Habit Forming

I was an inquisitive child, forever digging around in drawers and closets and it didn’t take long to find the hidden Penthouse and Playboy magazines, high up on a shelf in my mother’s wardrobe, underneath stacks of winter blankets. Plus, there was a triple X comic book, depicting all manner of sexual exploits. The dirty storylines and images utterly fascinated and stimulated my imagination.

The women in the magazines were displayed like objects of beauty to be marveled at, worshipped like goddesses. Works of high art, like the white, stone statues I had seen on museum field trips. Except, they were in technicolor–flesh and blood women, and they looked so glamorous, like naked fashion models, with glossy red lips and sparkling chandelier earrings.

One day, when I was in third grade, I rolled up a summer issue of Penthouse and slipped it into my school bag. On the bus ride I revealed, only to choice individuals, the suntanned and tan-lined centerfold, a busty brunette, spread-eagled on a rock beside some exotic shoreline.

I was watchful for the sharp eyes in the rearview mirror at the front of the bus. It didn’t take long before the game was up. The driver walked toward me as if in slow motion. I felt dizzy, as if I would faint. Butterflies in my stomach, as if I would throw up. The other kids scuttled back to their seats in horror.

She didn’t speak, but reached for my bag. I handed it over. She took the magazine out and gave back the bag. I hoped that was the end of it. It wasn’t.


We had a different bus driver after school and when I got home, the morning bus driver was sitting on the couch in the living room talking with Mom, in a low tone. The house was quiet, the baby was napping. I slipped past them and went outside to the back steps to pet the cats.

After the bus driver left, Mom didn’t say anything, but walked right past me to resume reading her book on the chaise lounge. She ignored me. Pretended I wasn’t even there. I prodded her to speak. I couldn’t stand her cold silence. She finally, reluctantly spoke. She said she was very disappointed in me. I could tell how angry and humiliated she was. She said those books were left behind by my father and I had no business going through her things. There was no further discussion.

The shame was doubly felt. My own and then the knowledge of the humiliation I had caused Mom. My arms and legs felt heavy, frozen and yet hot at the same time. A rock sat in the pit of my stomach. I felt as if what I had done was irreparable. There was no erasing it, no way of ever righting the wrong. A black mark, forever on my record.


But, from that point on, my sexual interest was stimulated. I had discovered this secret world. I wondered if others had discovered it too. Sure enough, every one of my friends’ parents had a stash of this type of material, under a mattress, in the back of a drawer, in a high bathroom cabinet. Some, maybe had one or two, others had full collections stacked way in the back of a closet.

By the age of eleven I had read enough Penthouse forum letters and little paperback erotic novels I would find from time to time to understand how it all worked.
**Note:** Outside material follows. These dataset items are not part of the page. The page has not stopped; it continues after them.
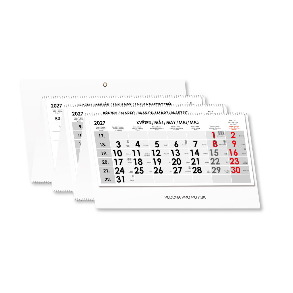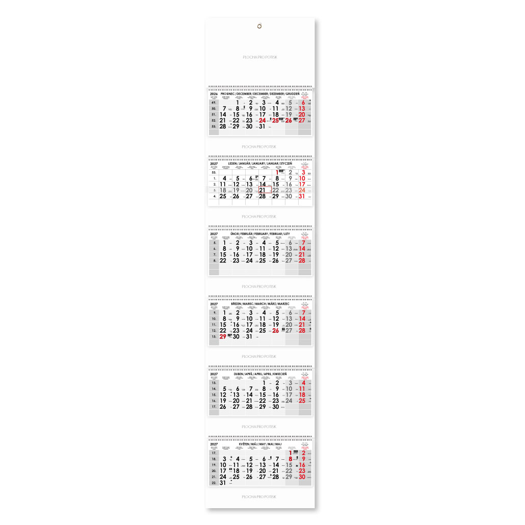 Sześciomiesięczny kalendarz Sixto składany czeski ze spiralą 2027 - szary
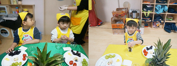 지 알려주셨답니다. 하얀 과일은 나쁜 바이러스를 이겨내도록, 노란색은 피부가 예뻐질 수 있도록, 초록색은 우
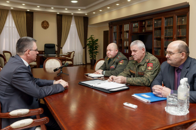 Тирасполь, 19 декабря. /Новости Приднестровья/. Министр обороны Олег Обручков и его заместитель Олег Игнат проинформировали президента о ходе ремонтно-строительных работ и благоустройстве территории Тираспольского Суворовского военного училища.
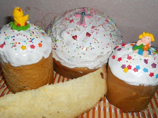 Выпекаем при 180 С в течение 30‐40 минут. Выкладываем готовые кулич на чистое полотенце на бок, через 5 минут переворачиваем на другой бок. Накрываем полотенцем.
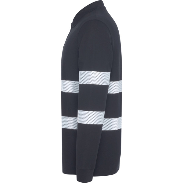 Enhanced-visibility long-sleeved piqué polo with anti-pilling treatment.· Two segmented reflective strips on the body and two on each sleeve.· Tone-on-tone 3-button placket.· 1x1 ribbed collar and cuffs.· Taped neckline.· Pocket, optional.· Outer Roly WRK label.· Wash cycles: x25
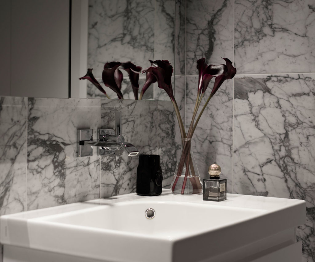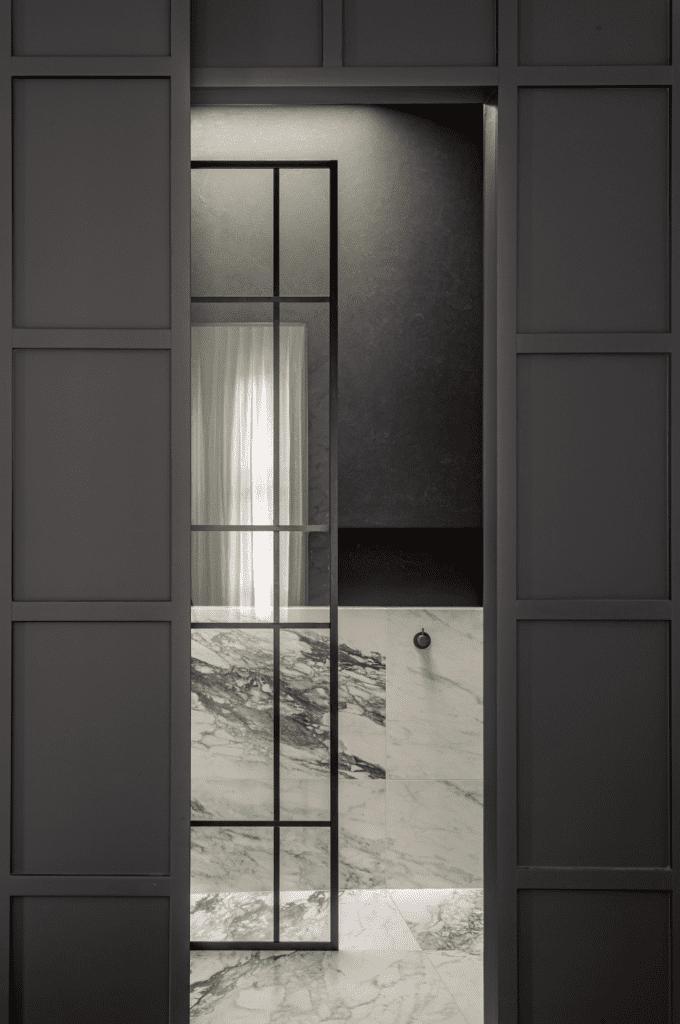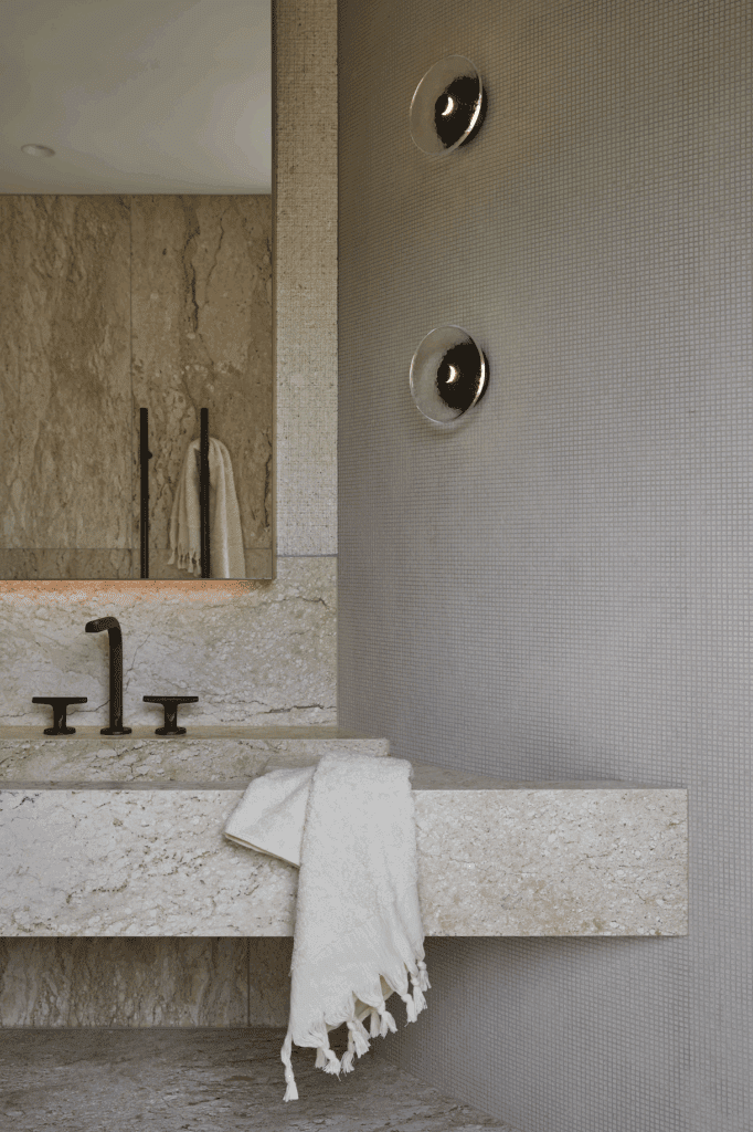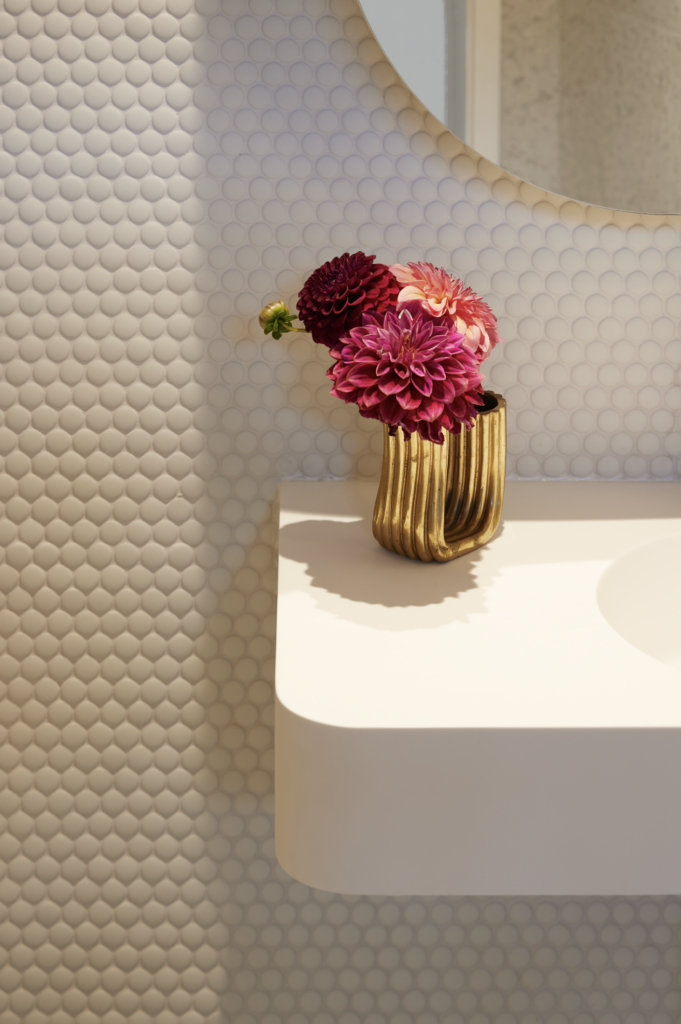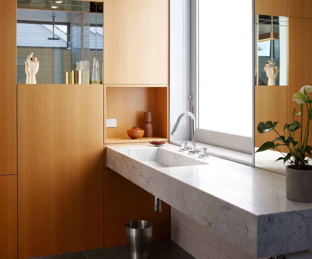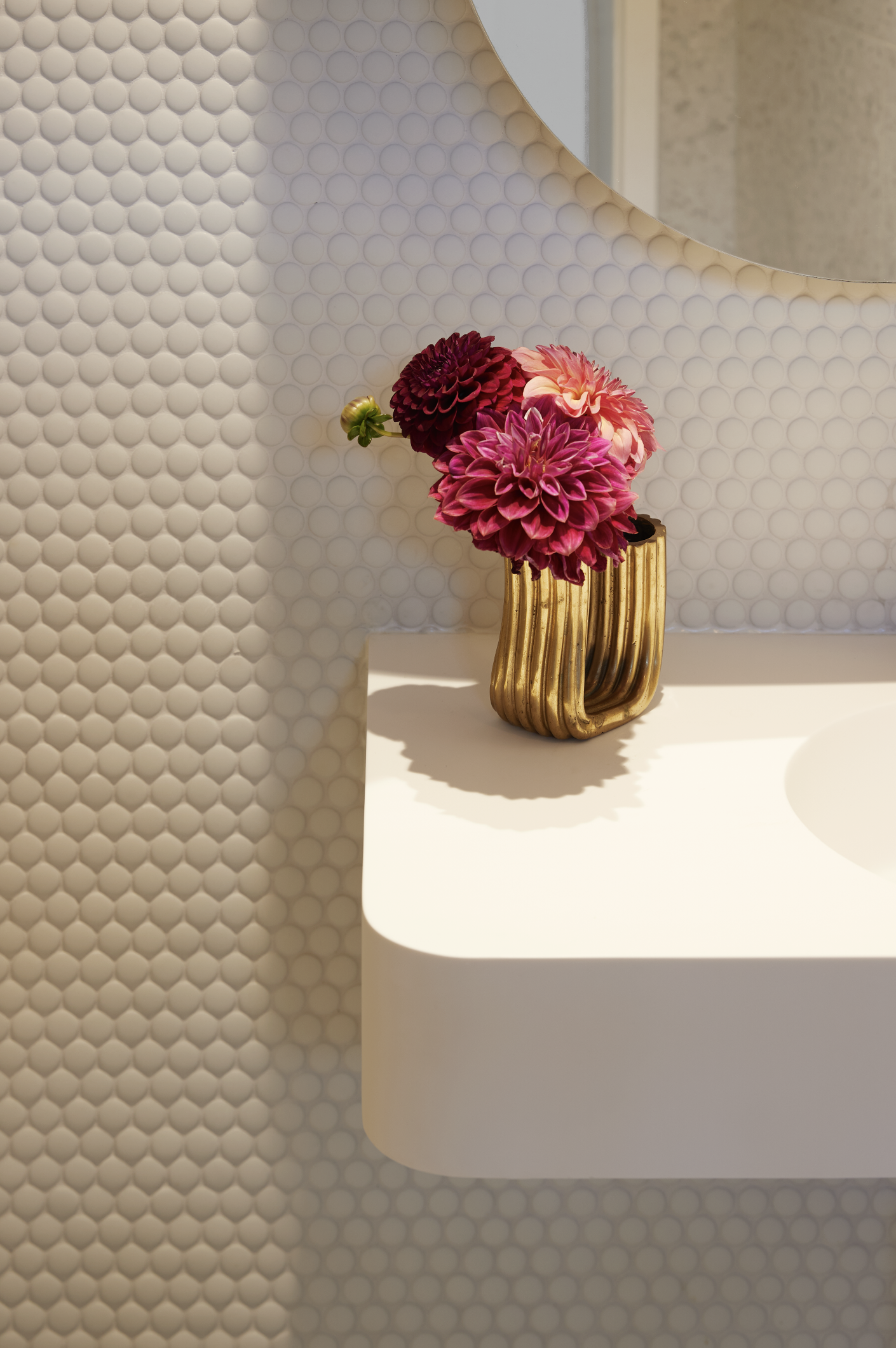 In a villa renovation by Jones Architects, interior firm Sticks+Stones Design crafted a small, unassuming en suite that packs a big punch.

I had also learned how my own pleasure center operated. And of course, I would steal away from time to time, with a thin volume from Mom’s Life Cycle Library reference books for the finer points of the education no one wanted me to receive, the way I saw it.


Today, I wonder if early exposure to pornography destroyed my erotic mind. This theory has been posited around lately, due to the rise of internet porn and its attending addiction.

My coming of age in the 1980s was hot on the heels of the women’s liberation movement. The discovery of the clitoral orgasm and women’s freedom of sexual expression. Think Shere Hite and Erica Jong. The erotic sphere was just opening up for us. I knew instinctively and strongly believed that we had a right to pursue and experience pleasure in all its forms.

As I grew older and learned more about sexual politics, I felt vindicated in my sort of fixation with sex and all things sexual. But, I do feel my exposure was at way too young an age and the shame surrounding it might have messed me up.

On top of that, I was molested by trusted adult men in my life, before the age of ten. So, maybe the influences and experiences just created this perfect storm.

Perhaps the combination of seeking love and male attention, plus my strong sexual impulse was like a loaded gun. And I was trigger happy.